TASK ITEM » Take the material below and extract the lines from the one with "Funkrin insulated ceramic" through the one with "Portrait photograph of", word for word, without pictures.

TASK INPUT »

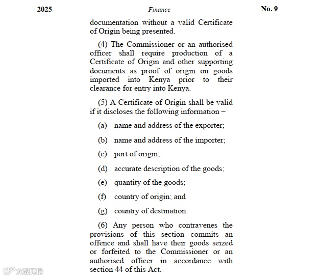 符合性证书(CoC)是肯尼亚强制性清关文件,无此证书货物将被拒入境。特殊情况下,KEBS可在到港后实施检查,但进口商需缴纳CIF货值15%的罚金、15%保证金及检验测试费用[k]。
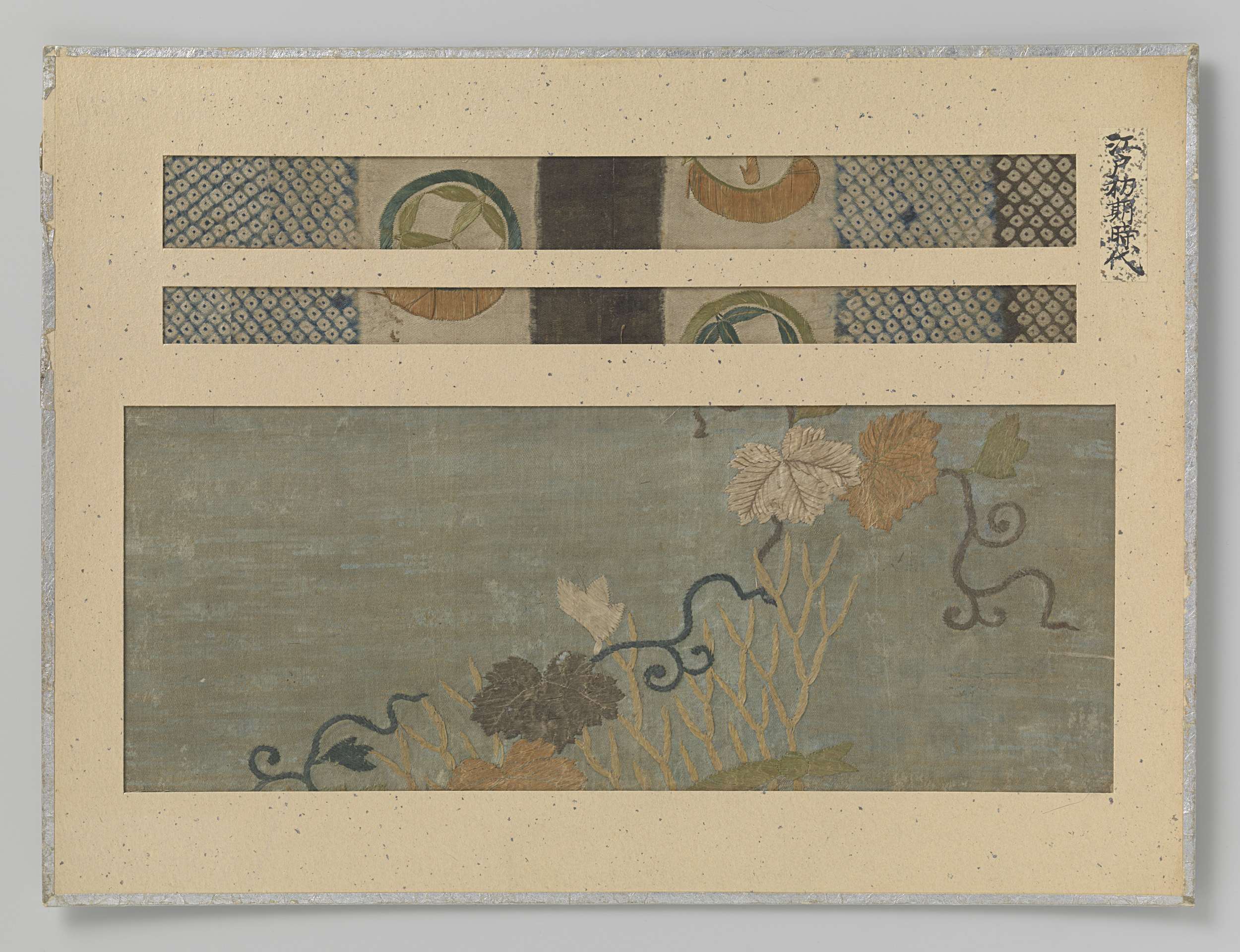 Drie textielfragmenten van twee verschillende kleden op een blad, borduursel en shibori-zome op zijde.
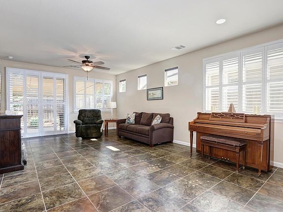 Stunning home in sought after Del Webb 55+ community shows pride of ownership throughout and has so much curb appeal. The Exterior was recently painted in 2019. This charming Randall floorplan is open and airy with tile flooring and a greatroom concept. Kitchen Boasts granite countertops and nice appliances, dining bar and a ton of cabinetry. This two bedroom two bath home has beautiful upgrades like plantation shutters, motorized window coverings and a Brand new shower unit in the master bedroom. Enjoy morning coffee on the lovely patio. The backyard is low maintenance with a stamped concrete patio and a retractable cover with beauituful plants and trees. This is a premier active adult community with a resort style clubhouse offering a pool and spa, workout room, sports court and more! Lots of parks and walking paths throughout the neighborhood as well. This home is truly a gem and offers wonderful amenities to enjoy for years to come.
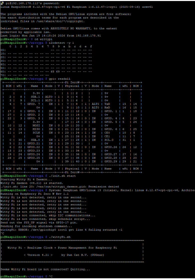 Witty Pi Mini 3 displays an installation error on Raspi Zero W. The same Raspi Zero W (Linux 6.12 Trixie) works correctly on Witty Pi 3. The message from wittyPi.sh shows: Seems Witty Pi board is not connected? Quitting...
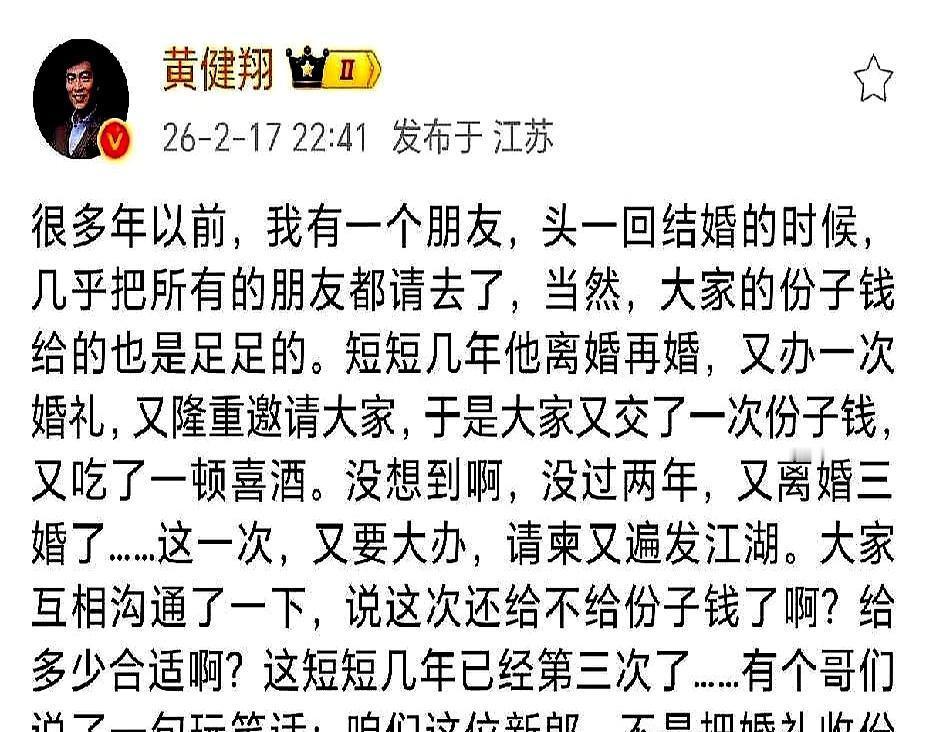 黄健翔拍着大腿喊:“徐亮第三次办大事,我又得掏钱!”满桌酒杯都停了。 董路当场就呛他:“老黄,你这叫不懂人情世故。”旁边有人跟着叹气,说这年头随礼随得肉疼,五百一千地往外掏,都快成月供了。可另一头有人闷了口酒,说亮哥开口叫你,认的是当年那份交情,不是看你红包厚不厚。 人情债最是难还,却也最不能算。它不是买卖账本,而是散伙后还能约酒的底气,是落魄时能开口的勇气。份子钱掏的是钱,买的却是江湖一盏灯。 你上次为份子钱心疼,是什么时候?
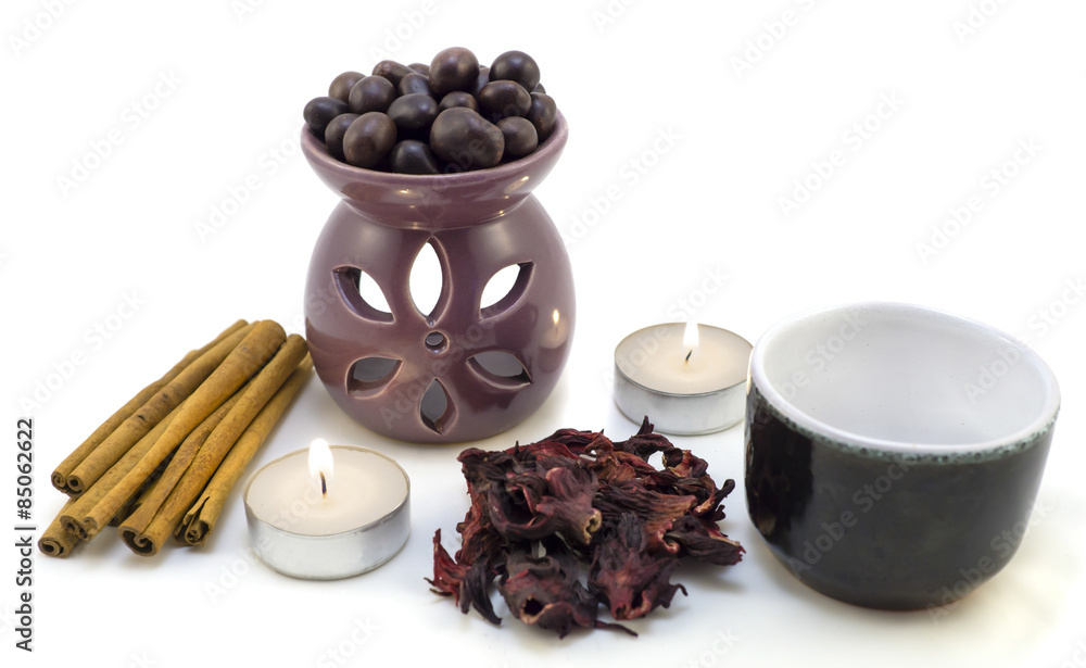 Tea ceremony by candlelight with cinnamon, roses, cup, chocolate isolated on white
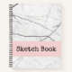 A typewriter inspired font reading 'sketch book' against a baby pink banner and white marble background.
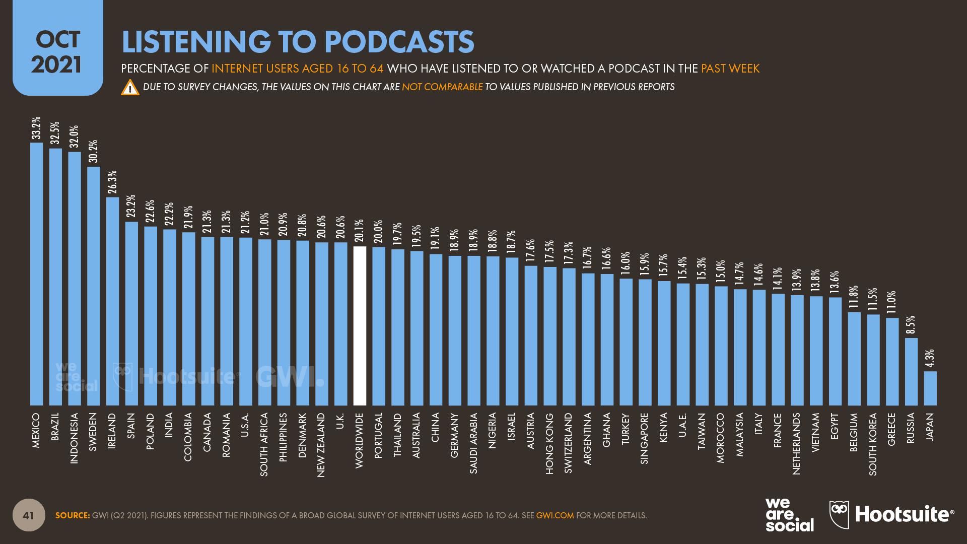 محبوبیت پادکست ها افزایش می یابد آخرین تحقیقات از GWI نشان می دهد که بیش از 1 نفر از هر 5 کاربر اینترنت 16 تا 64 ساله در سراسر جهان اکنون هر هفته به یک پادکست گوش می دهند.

* * *

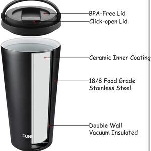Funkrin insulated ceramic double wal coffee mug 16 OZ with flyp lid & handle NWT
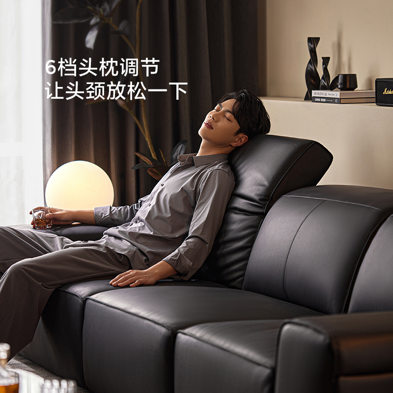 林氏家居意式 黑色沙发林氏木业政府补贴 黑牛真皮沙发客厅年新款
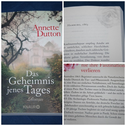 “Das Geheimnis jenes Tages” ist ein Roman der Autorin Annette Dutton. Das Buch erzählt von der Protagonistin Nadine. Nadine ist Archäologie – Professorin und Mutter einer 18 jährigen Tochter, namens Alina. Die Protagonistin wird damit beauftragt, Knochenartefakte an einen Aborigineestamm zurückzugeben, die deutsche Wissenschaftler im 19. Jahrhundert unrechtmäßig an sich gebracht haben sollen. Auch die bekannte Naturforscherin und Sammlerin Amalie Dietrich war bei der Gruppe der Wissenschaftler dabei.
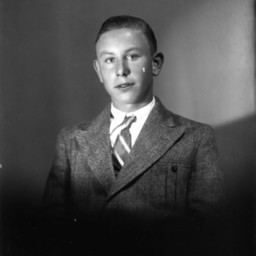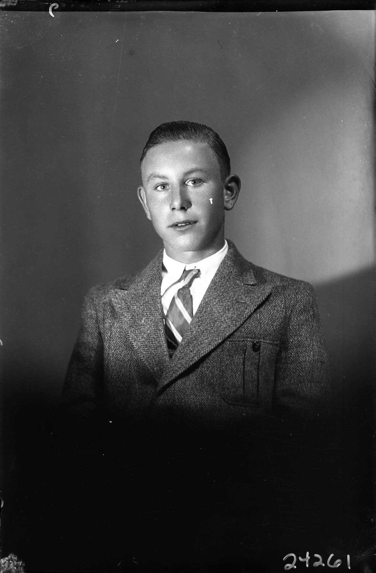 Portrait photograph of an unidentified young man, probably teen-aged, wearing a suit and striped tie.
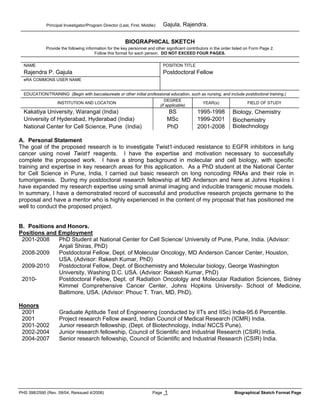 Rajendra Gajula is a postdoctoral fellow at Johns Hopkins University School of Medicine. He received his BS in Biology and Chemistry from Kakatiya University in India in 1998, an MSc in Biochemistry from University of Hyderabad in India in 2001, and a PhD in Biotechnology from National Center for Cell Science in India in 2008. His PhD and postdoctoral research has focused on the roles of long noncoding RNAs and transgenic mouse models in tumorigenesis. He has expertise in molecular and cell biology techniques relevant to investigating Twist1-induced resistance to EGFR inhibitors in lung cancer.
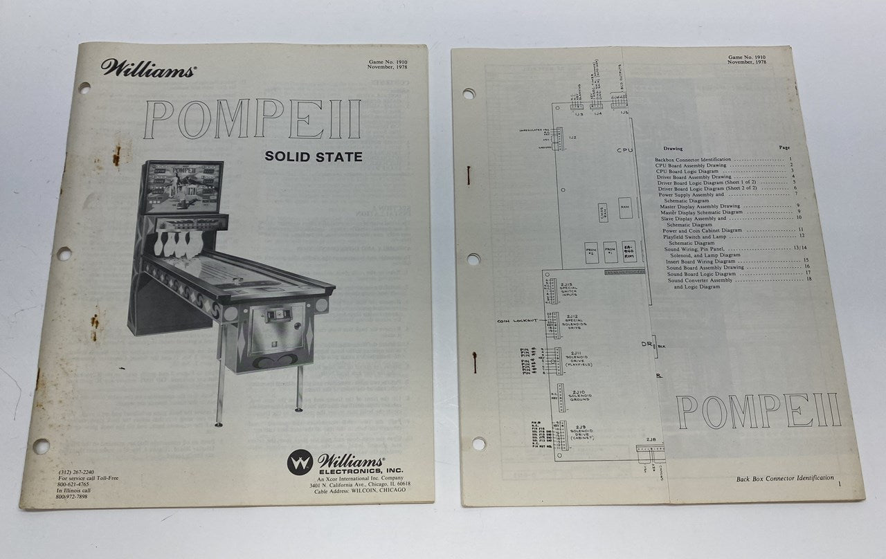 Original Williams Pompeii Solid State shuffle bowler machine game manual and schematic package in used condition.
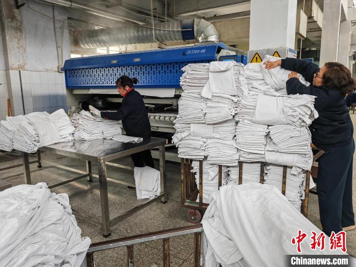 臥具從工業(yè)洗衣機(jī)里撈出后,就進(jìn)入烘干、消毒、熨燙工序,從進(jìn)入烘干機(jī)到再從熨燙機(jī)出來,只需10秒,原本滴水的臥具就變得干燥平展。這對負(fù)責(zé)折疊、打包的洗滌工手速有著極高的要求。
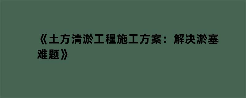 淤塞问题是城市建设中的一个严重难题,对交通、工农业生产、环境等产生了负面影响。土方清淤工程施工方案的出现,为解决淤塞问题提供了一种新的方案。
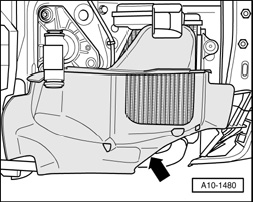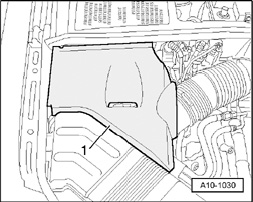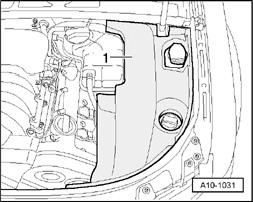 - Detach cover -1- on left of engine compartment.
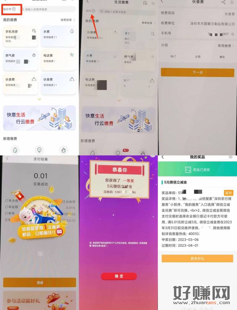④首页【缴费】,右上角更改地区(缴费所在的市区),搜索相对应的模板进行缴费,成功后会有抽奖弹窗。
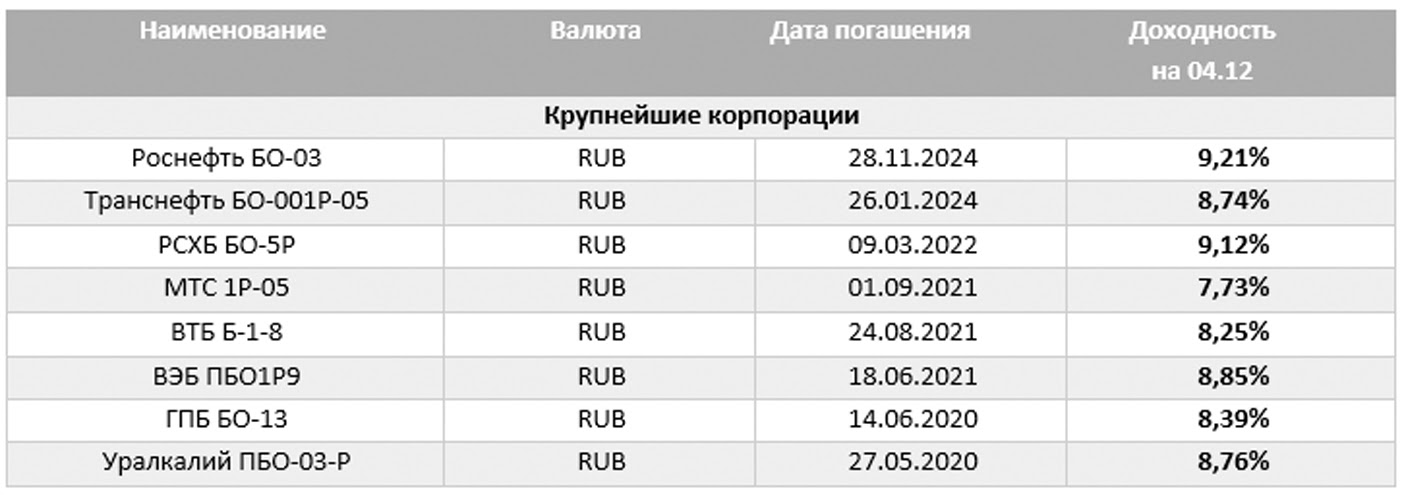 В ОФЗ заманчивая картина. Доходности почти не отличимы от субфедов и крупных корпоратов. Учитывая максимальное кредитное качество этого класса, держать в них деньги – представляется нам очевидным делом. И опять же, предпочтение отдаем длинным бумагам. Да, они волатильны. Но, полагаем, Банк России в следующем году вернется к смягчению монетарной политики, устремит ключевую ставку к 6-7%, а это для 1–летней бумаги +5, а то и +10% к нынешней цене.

ANSWER TO THE PROBLEM »
Funkrin insulated ceramic double wal coffee mug 16 OZ with flyp lid & handle NWT
 林氏家居意式 黑色沙发林氏木业政府补贴 黑牛真皮沙发客厅年新款
 “Das Geheimnis jenes Tages” ist ein Roman der Autorin Annette Dutton. Das Buch erzählt von der Protagonistin Nadine. Nadine ist Archäologie – Professorin und Mutter einer 18 jährigen Tochter, namens Alina. Die Protagonistin wird damit beauftragt, Knochenartefakte an einen Aborigineestamm zurückzugeben, die deutsche Wissenschaftler im 19. Jahrhundert unrechtmäßig an sich gebracht haben sollen. Auch die bekannte Naturforscherin und Sammlerin Amalie Dietrich war bei der Gruppe der Wissenschaftler dabei.
 Portrait photograph of an unidentified young man, probably teen-aged, wearing a suit and striped tie.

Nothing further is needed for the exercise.